- _PROBLEM_:
Write out, exactly and in full, the line where "Little Poppy Co. |" appears together with all lines that follow it in the entries below. Do not include pictures.

[TASK INPUTS — start]

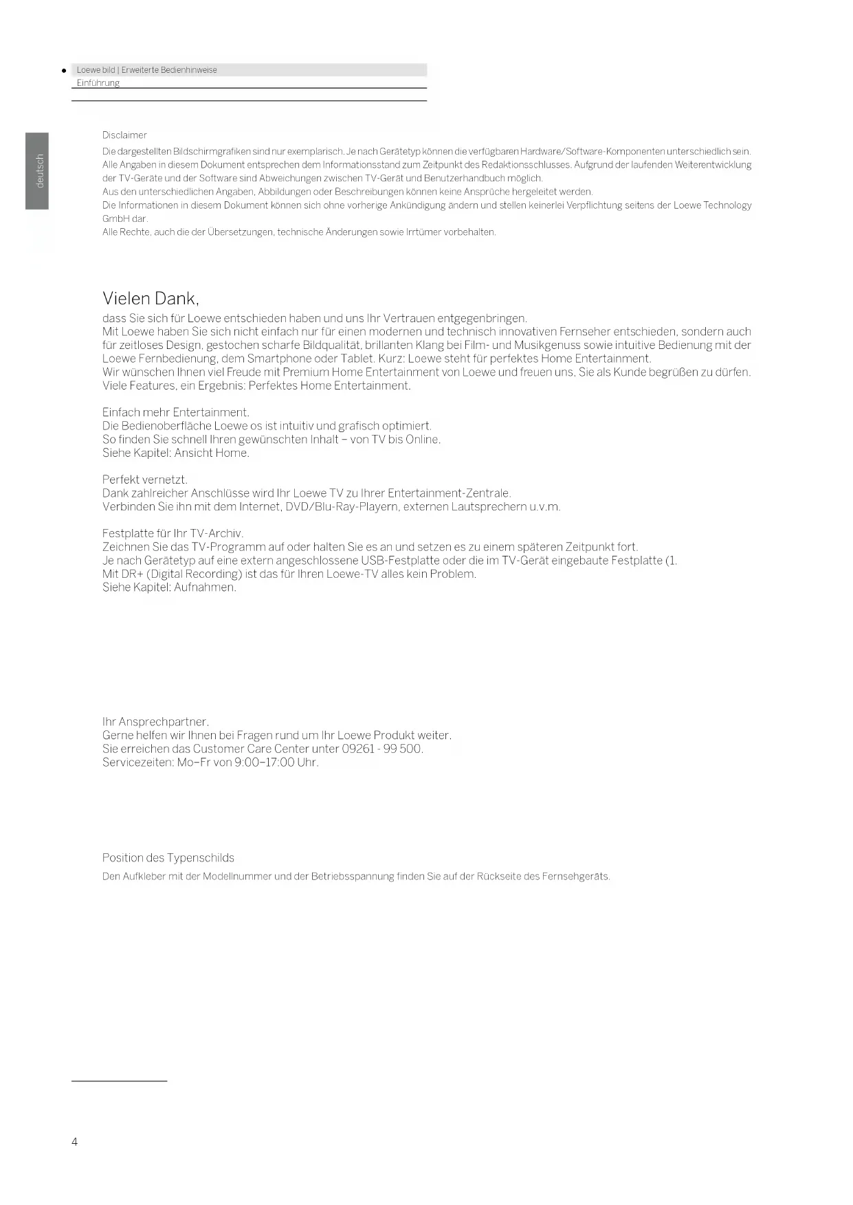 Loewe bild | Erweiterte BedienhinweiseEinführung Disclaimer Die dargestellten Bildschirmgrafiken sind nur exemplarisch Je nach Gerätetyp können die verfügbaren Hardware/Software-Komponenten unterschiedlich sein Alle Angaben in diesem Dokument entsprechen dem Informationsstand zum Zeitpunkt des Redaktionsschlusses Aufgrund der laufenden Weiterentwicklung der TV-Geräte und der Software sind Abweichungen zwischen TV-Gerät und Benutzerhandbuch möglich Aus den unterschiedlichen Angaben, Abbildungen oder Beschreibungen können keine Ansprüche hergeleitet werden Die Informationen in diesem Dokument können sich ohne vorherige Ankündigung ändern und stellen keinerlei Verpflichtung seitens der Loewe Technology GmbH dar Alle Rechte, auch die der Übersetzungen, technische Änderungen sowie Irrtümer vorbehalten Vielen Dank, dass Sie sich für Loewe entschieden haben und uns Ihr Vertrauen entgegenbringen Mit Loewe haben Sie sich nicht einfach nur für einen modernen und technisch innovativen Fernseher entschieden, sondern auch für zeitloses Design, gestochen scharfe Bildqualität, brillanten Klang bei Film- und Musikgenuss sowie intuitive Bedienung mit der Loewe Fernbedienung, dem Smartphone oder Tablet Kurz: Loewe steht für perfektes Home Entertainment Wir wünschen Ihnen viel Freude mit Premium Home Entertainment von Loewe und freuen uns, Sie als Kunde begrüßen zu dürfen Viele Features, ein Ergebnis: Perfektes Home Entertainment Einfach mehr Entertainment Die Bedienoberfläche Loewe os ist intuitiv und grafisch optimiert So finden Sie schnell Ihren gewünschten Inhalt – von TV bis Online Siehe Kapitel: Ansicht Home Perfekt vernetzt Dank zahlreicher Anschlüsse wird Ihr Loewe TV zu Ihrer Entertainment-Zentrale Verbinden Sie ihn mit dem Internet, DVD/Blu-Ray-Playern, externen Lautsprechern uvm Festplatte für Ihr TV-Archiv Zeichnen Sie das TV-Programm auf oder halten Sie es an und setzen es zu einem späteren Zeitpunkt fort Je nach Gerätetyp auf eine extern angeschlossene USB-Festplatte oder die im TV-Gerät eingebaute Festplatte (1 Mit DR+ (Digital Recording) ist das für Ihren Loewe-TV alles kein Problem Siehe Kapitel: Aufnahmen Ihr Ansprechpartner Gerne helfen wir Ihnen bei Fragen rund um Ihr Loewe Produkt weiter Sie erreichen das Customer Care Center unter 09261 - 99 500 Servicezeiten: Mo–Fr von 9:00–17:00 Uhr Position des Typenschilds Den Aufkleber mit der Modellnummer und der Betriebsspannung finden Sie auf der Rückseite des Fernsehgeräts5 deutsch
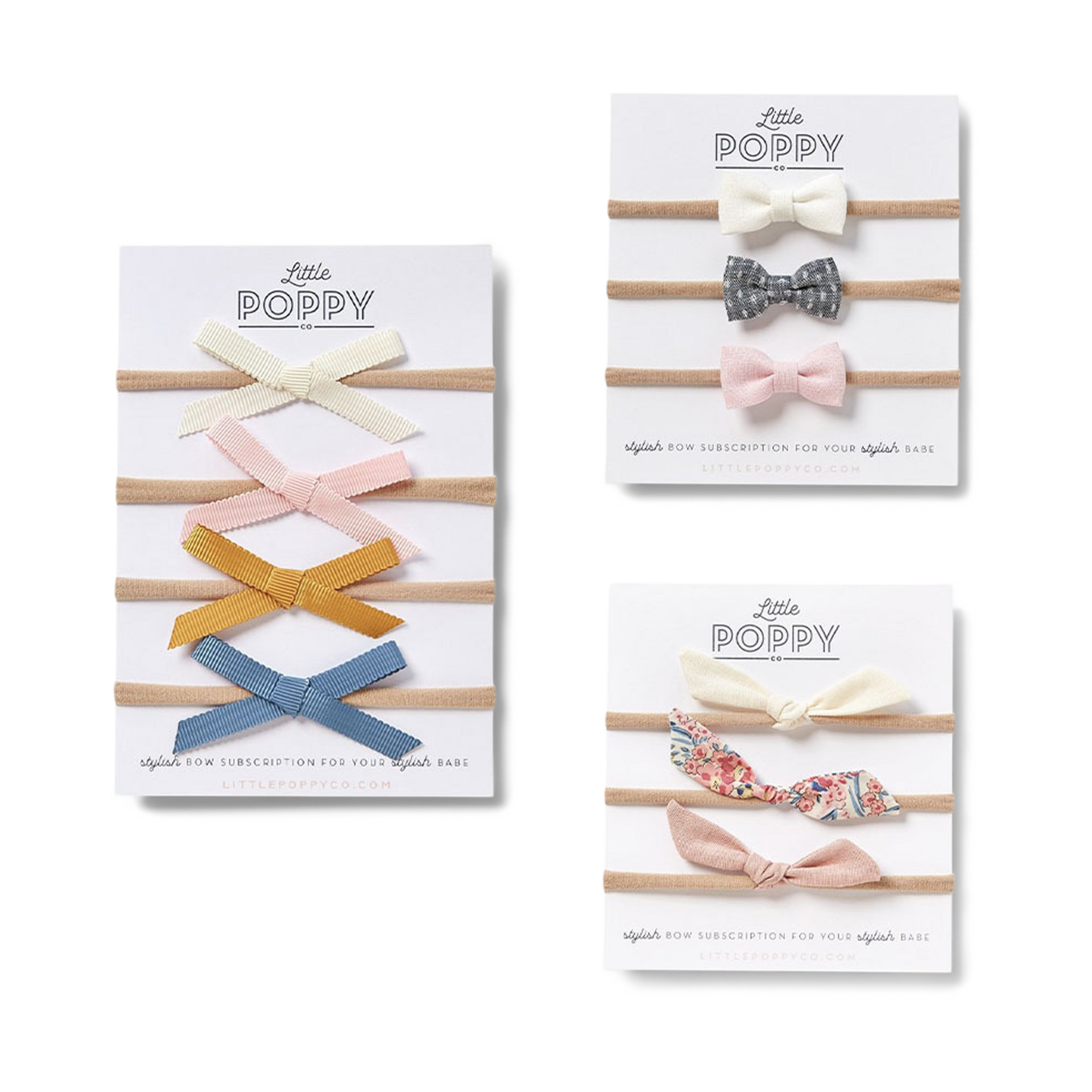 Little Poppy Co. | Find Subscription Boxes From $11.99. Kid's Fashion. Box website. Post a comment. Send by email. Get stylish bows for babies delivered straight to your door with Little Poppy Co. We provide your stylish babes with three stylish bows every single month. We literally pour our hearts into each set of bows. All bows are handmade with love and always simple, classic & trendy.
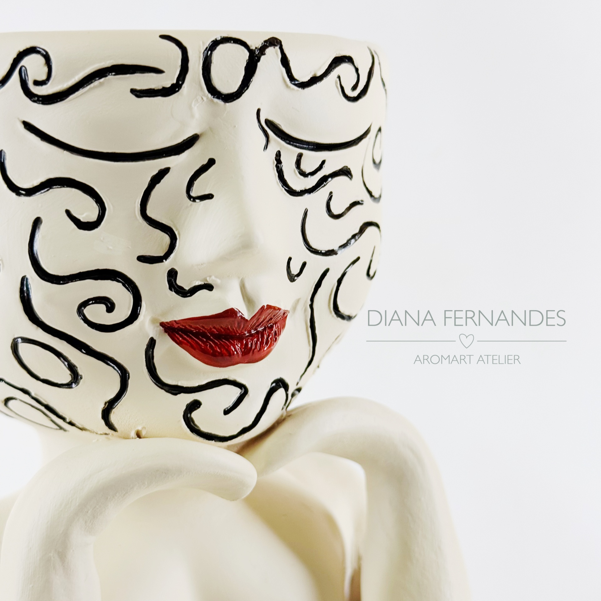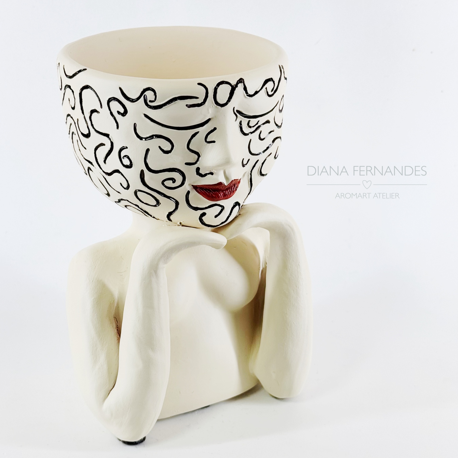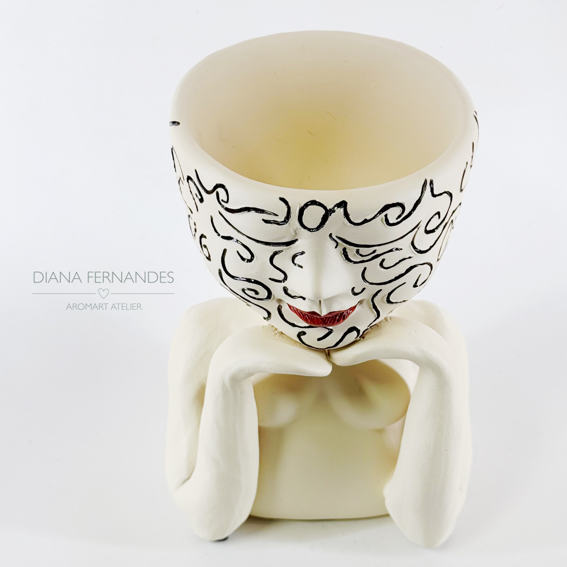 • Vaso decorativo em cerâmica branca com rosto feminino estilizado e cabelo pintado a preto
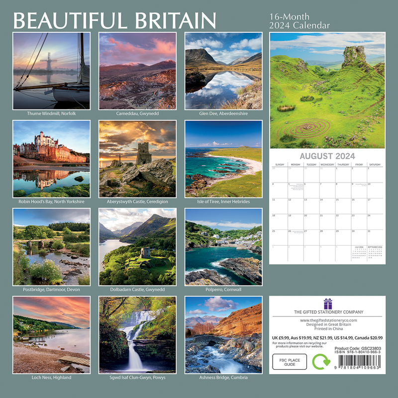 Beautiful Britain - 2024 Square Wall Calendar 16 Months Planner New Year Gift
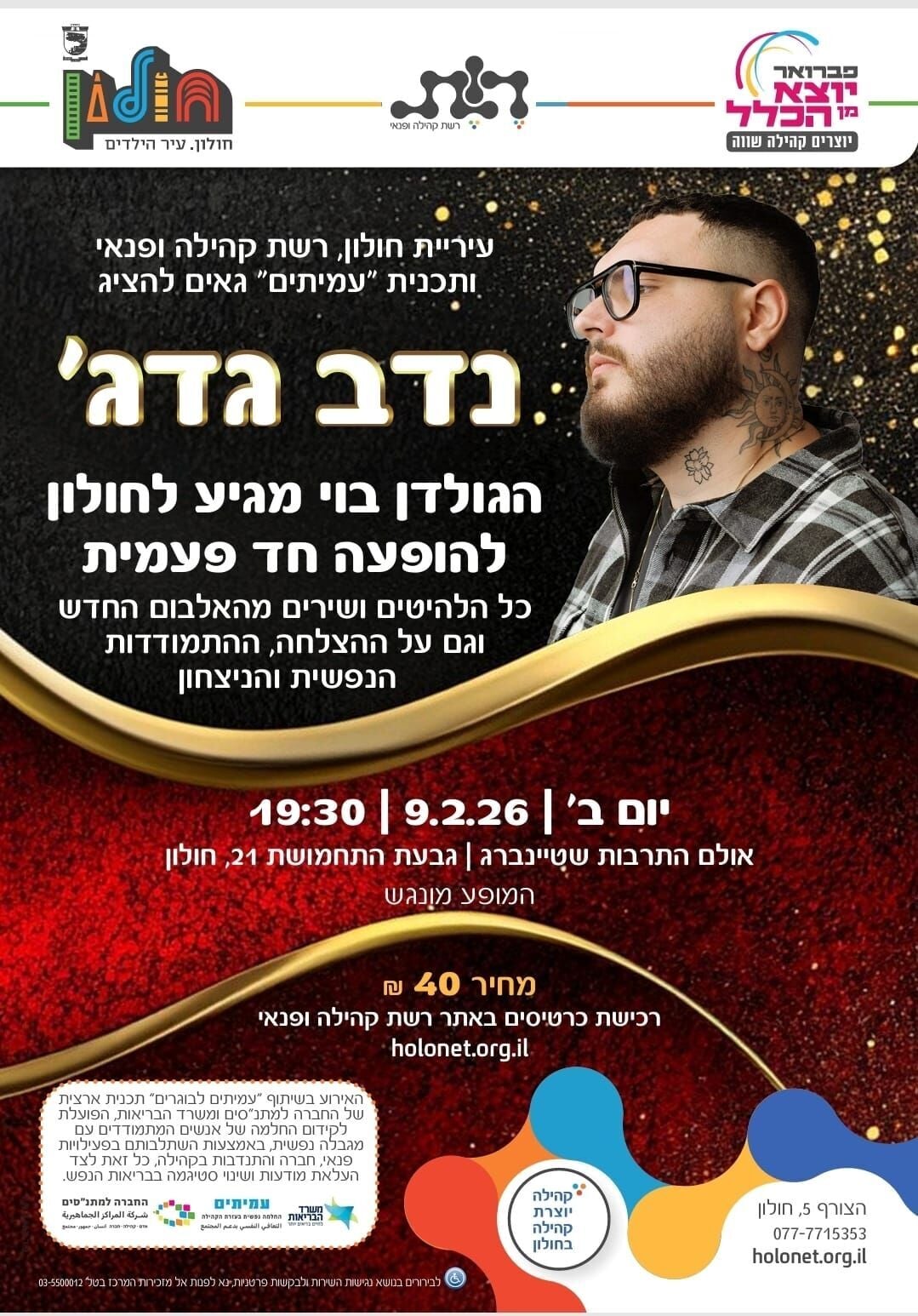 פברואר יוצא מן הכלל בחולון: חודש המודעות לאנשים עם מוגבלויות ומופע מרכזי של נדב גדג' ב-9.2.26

[TASK INPUTS — finish]

- _SOLUTION BELOW_:
 Little Poppy Co. | Find Subscription Boxes From $11.99. Kid's Fashion. Box website. Post a comment. Send by email. Get stylish bows for babies delivered straight to your door with Little Poppy Co. We provide your stylish babes with three stylish bows every single month. We literally pour our hearts into each set of bows. All bows are handmade with love and always simple, classic & trendy.
 • Vaso decorativo em cerâmica branca com rosto feminino estilizado e cabelo pintado a preto
 Beautiful Britain - 2024 Square Wall Calendar 16 Months Planner New Year Gift
 פברואר יוצא מן הכלל בחולון: חודש המודעות לאנשים עם מוגבלויות ומופע מרכזי של נדב גדג' ב-9.2.26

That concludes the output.